The project is known as the “Next Einstein Initiative.” The belief is that the world’s next Albert Einstein could just as easily be found in Africa as anywhere else – if the educational opportunities exist.
In science and math, the gulf between Africa and the developed world is huge. Nearly a million students graduate from African universities every year, yet advanced scientific education is virtually unavailable, and the brightest students tend to leave Africa to work in Europe or North America. Only about 1 per cent of the world’s patents and scientific articles are from African-based researchers, and there are only two mathematics journals in the whole continent.
“When I meet the students, I see the richness that the world is losing by not having more African scientists,” says Carolina Odman-Govender, director of academic development for the Next Einstein Initiative.
“There’s so much potential that’s unseen and untapped. There are all these people who are brilliant but haven’t had a chance to shine. Many of them have never left their country before, never even flown before.”
Ms. Odman-Govender, a Swedish astrophysicist, was a teaching assistant at AIMS in its early days and later decided to return full-time. “It makes more sense to do science here than anywhere else because the impact is so much greater,” she says. “It’s a life-changing experience. You see them exceed the expectations every day.”
The founder and chairman of the institute is Neil Turok, a renowned physicist and long-time collaborator with Mr. Hawking. Born in South Africa to anti-apartheid activists, he now works in Canada as director of the Perimeter Institute for Theoretical Physics in Waterloo, Ont.
Mr. Turok believes the AIMS institute can contribute to an “African renaissance” by helping to overcome decades of underfunding and isolation at the continent’s universities. “Just think what will happen if Africa does for science what it has done for music, for literature and for art,” he wrote in The Globe and Mail last year. “Not only Africa, but the world could be transformed.”
Every year, about 50 to 60 students are accepted at the South African AIMS campus from all over Africa. A minimum of one-third are female. Nearly as many are accepted at the Senegal campus, and similar numbers are expected at future campuses in other African countries.
The 10-month program at AIMS includes intense classes in computer skills, language and mathematics. Competition to enter the institute is fierce: Only one of every five applicants is successful. They are truly the best and brightest of Africa’s science and math students.
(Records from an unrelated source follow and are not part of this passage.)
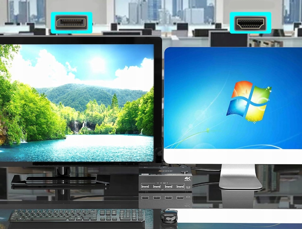 Przełącznik KVM dla podwójnych monitorów w technologii HDMI i DP to idealne rozwiązanie dla osób korzystających z urządzeń wyposażonych w porty DP i HDMI. Umożliwia on współdzielenie klawiatury, myszy oraz monitorów pomiędzy dwoma komputerami. W trybie kopiowania, główny ekran może być odzwierciedlony na drugim wyjściowym ekranie, natomiast w trybie rozszerzenia, okna mogą być przenoszone z głównego ekranu na drugi ekran. Użytkownicy mają do wyboru dwa tryby przełączania, które wspierają zarówno przyciski fizyczne, jak i sterowanie za pomocą przewodu.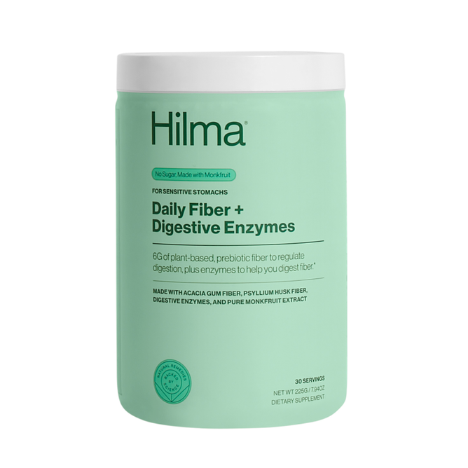 Hilma's Daily Fiber + Digestive Enzymes is a prebiotic fiber for regulating digestion, formulated with fiber-digesting enzymes and made for sensitive stomachs, which can often struggle to digest fiber.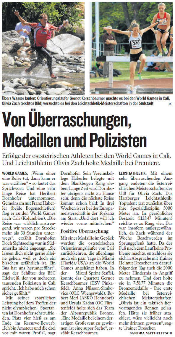 Olivia Zach lief am Samstag nach kleinen Beschwerden im Sprunggelenk in der letzten Trainingswoche auf Platz 4 über 3000m mit neuer persönlicher Bestzeit von 11:13,47. Da nach dem Lauf der Fuß keine Probleme machte, beschloss Olivia mit Trainer Helmut Drescher auch einen Start über die 2000m Hindernis am Sonntag zu wagen. Dort holte Olivia bei ihrem ersten Hindernisrennen überhaupt mit 7:58,77 mit Bronze ihre erste Medaille bei österreichischen Meisterschaften.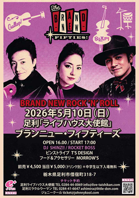 2026年 5月10日(日) 「BRAND NEW ROCK’N’ROLL」 【出演】 ブランニュー・フィフティーズ 【DJ】 SHINZ!! / ROCKET BOSS 【ピンストライプ】 T'S DESIGN 【フード&アクセサリー】 MORROW'S OPEN 16:00 / START 17:00 チケット料金: 前売¥4,500 当日¥5,000(ドリンク別) ※中学生以下入場無料 TICKET INFO e+ 足利ライブハウス大使館 TEL 0284-44-0069 足利ミラクルウーマン TEL 0284-41-6647 ジョニークール (氏名、人数必須) 会場 足利ライブハウス大使館 〒326-0826 栃木県足利市借宿町318-7 TEL 0284-44-0069 |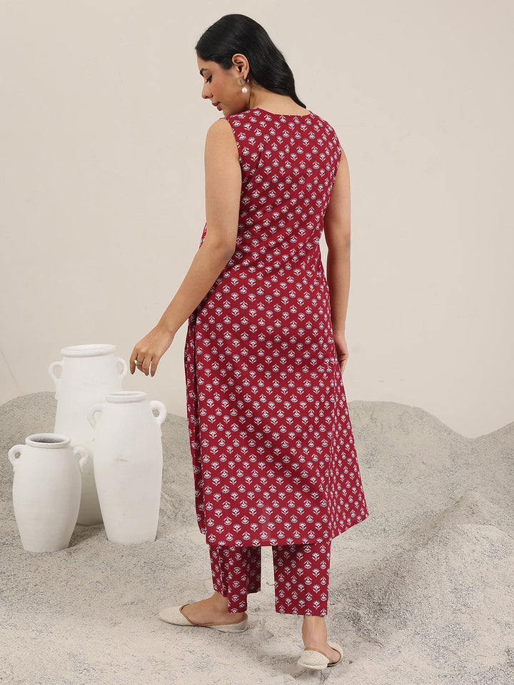 Maroon Printed Pure Cotton A-Line Kurta Set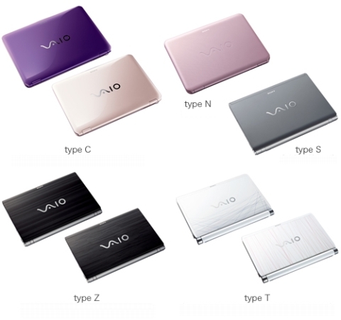 VAIO type Z、T系列筆電在規格上除了處理器升級到Core 2 Duo P9600 2.66GHz、SU9300 1.20GHz之外,前者繪圖卡也改成內建128MB記憶體的GeForce 9300M GS。其中T系列是搭載BD光碟機且重量約1.3kg的輕型筆電,其餘包含藍芽、IEEE 802.11a/b/g/n WLAN、指紋感應器等介面均大同小異。VAIO type S則是唯一不具64bit OS與4GB記憶體的中階筆電款式,處理器為Core 2 Duo P8600 2.40GHz。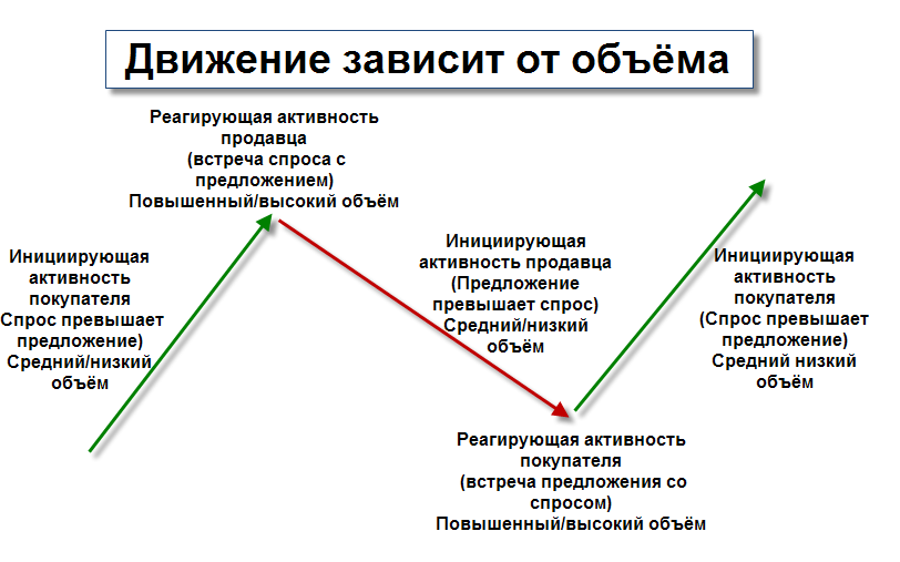 Часто на уровне встречи спроса с предложением будет возникать повышенный или высокий объём, который будет подтверждением того, что справедливая цена найдена и начинает осуществлятся двухсторонняя торговля. Как только произойдёт дисбаланс в спросе или предложении, то цена начнёт двигаться в каком-то определённом направлении в поисках следующей справедливой цены и так до бесконечности изо дня в день движется цена.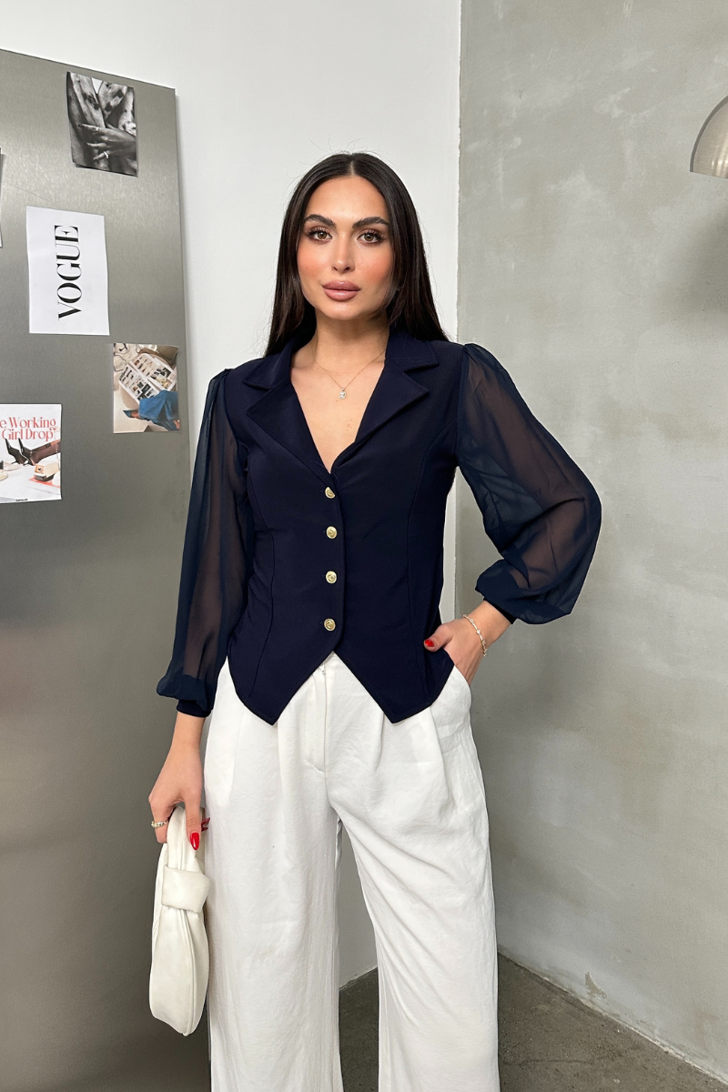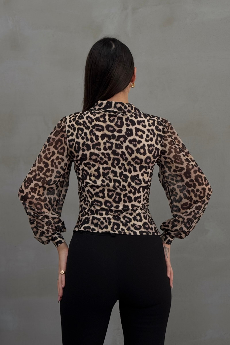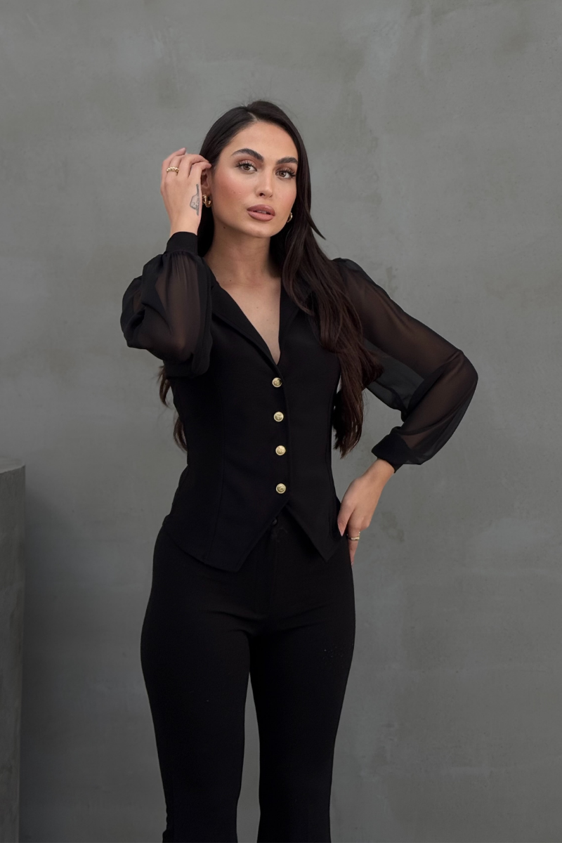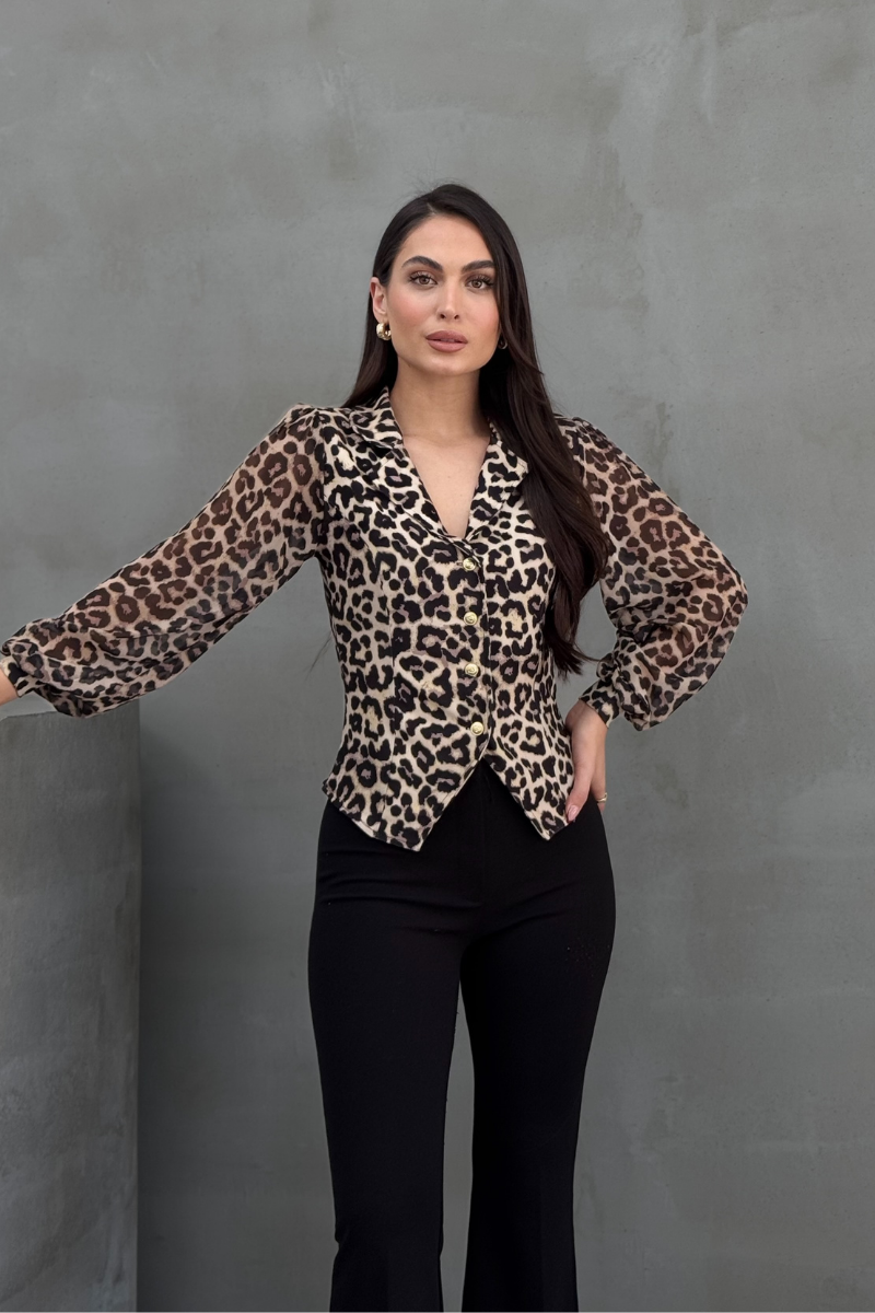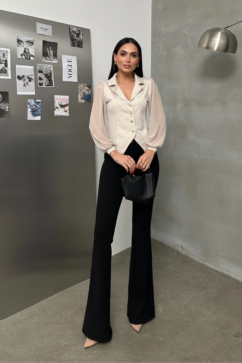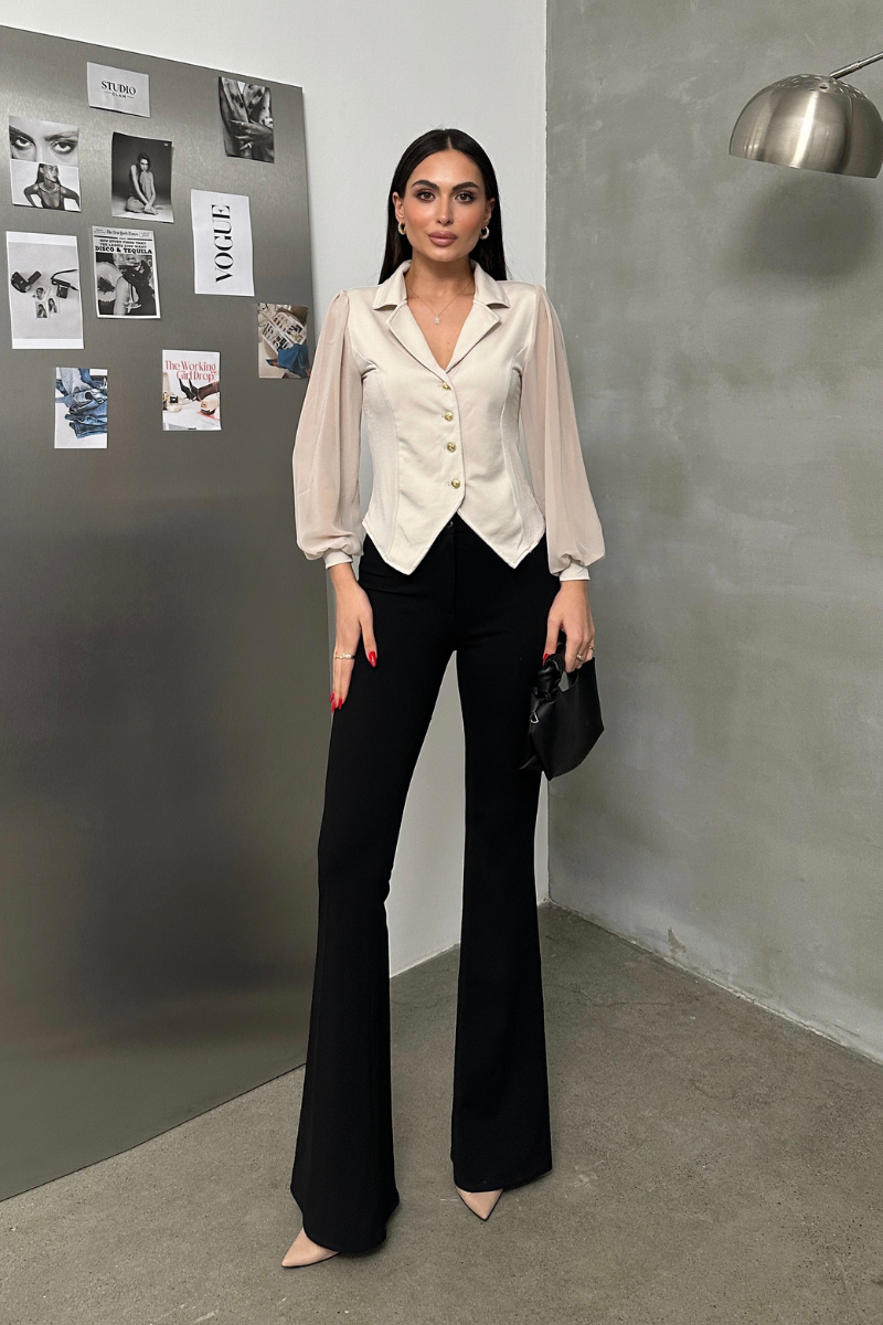 Kadın Gömlek Düğmeli Uzun Tül Kollu Ceket Yaka Bele Oturan Gömlek

Once they are accepted, tuition is free and travel costs are covered. They are given free accommodation and meals in the same building as their classes, allowing them to focus entirely on their studies. “They need to do their own laundry, and that’s about it,” Ms. Odman-Govender says. “And we provide the laundry machines and detergent.”
The professors and lecturers are volunteers, including Nobel Prize winners and other top scientists and mathematicians, who visit the AIMS campus for three-week teaching stints for a modest stipend. One of the key benefits of the institute is that the students can build a lifelong network of friends among their professors and fellow students, since they are together at meal times as well as in the laboratory and classroom.
“That’s the magic of AIMS,” says Bruce Bassett, a professor of cosmology and mathematics at the institute and at the University of Cape Town. “The students are networking. They’re eating with their professors and having a beer with them and working with them at 2 a.m. As a model, it’s brilliant.”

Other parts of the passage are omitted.